Anyway, emboldened with my new maths and a couple of glasses of Shiraz (technically, three, if you’re applying the stumble, I mean, jump method), I came home and tried to solve my own equation.
It looked like this: If one parent has 24 hours in a day and eight of those are spent at work, two are spent getting ready and travelling to and from work, another two on shopping and cooking dinner, one on overseeing homework, one on laundry, one on emails and bills, one on watching MasterChef, one on making a chicken costume, half on a phone call to an ailing parent, half on the next day’s lunches, half on picking up Lego and half on either yoga or sex, how many does that leave for sleep?

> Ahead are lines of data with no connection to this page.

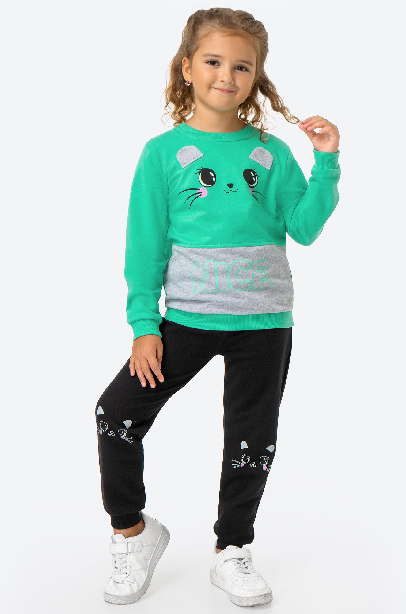 Ярко встречаем осень с невероятно удобным и уютным детским костюмом для девочки. В комплекте свитшот прямого кроя и штаны на манжетах. Костюм выполнен из 100% хлопка и украшен забавным принтом с пришивными ушками.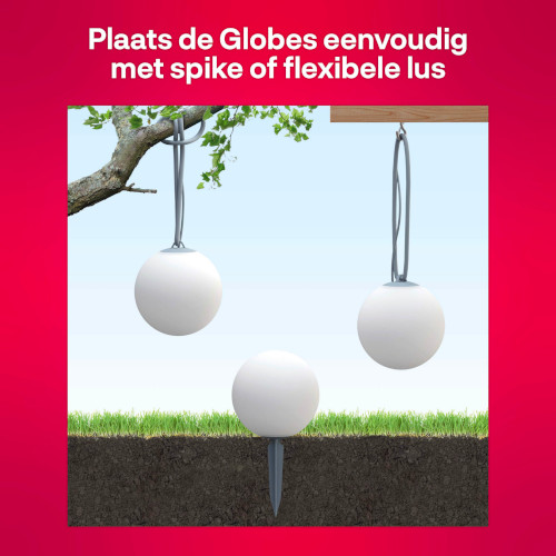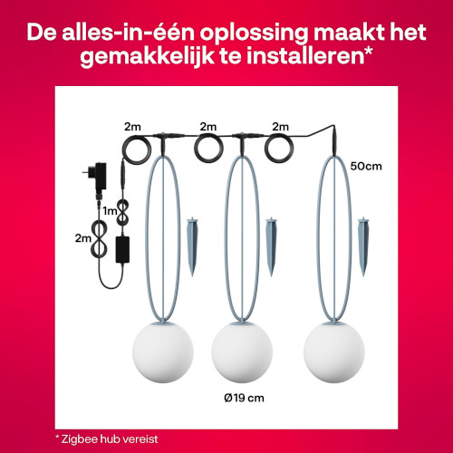 De Smart Globe Light slanke buitenverlichting zorgt voor de perfecte sfeer in jouw tuin. Met de meegeleverde kabels en grondpennen kan je zelf bepalen of je deze slanke lampen ophangt of in de grond tussen de bloemen zet.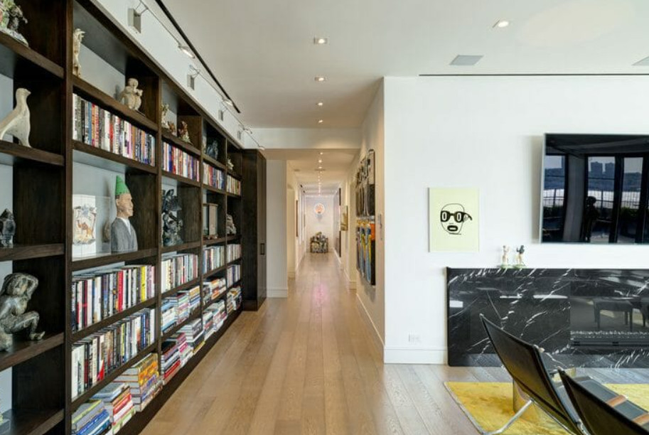 Turn a long hallway into a home library. Avoid making it look like a store — add small plants that tolerate low light, and decorative items on the books, such as ceramics or travel souvenirs. Use the rule of three: group items in odd numbers and vary the heights.

If you guessed five, give yourself a tick.
Granted, going to extracurricular maths lessons is hardly compulsory, but it does illustrate how our generation wants to be fully across everything. Not for us a relaxing gin and tonic while watching the news. (In what quaint little world do people get home before six anyway?)
I thought about this when I saw the trailer for the movie I Don’t Know How She Does It. Starring Sarah Jessica Parker; it’s based on a novel written nearly a decade ago by a former colleague, Allison Pearson, who ushered in a whole new genre of chick-lit.
I read it while feeding my newborn and silently declared I’d never be one of those neurotic mothers who bashes shop-bought cakes with a rolling pin to make them look homemade. I – not the nanny – would take my kids for haircuts and I’d certainly never indulge in flirty email banter with someone less careworn than my husband.
Fast-forward and I’m guilty of all that and more, the distressed lamingtons being slightly less lamentable than the babysitter calling during my interview with Anna Nicole Smith to report that my youngest had bronchitis.
Pearson’s book told us we couldn’t have it all (she’d later write that trying led her to depression). Yet here we are, still trying to be everything to everybody, still thinking we can keep all the balls in the air if we make the kids sleep in their school uniforms and feed them Tim Tams for breakfast.
Well, I have a solution – mathematical, of course. The Pareto principle states that 80 per cent of our success comes from 20 per cent of our effort, so if you focus on where you’re most effective, you can achieve maximum results from minimum effort. For example, your child, wearing unironed clothes, reads aloud while you reheat frozen fishcakes (and drink G&T). They won’t be reading War and Peace aged seven and you won’t be impressing Matt Moran, but it’s good enough.
And that should be what we’re aiming for. Because in those rare precious moments when we balance being a parent, partner, friend, worker, lover and carer, the whole is so much greater than the sum of its parts.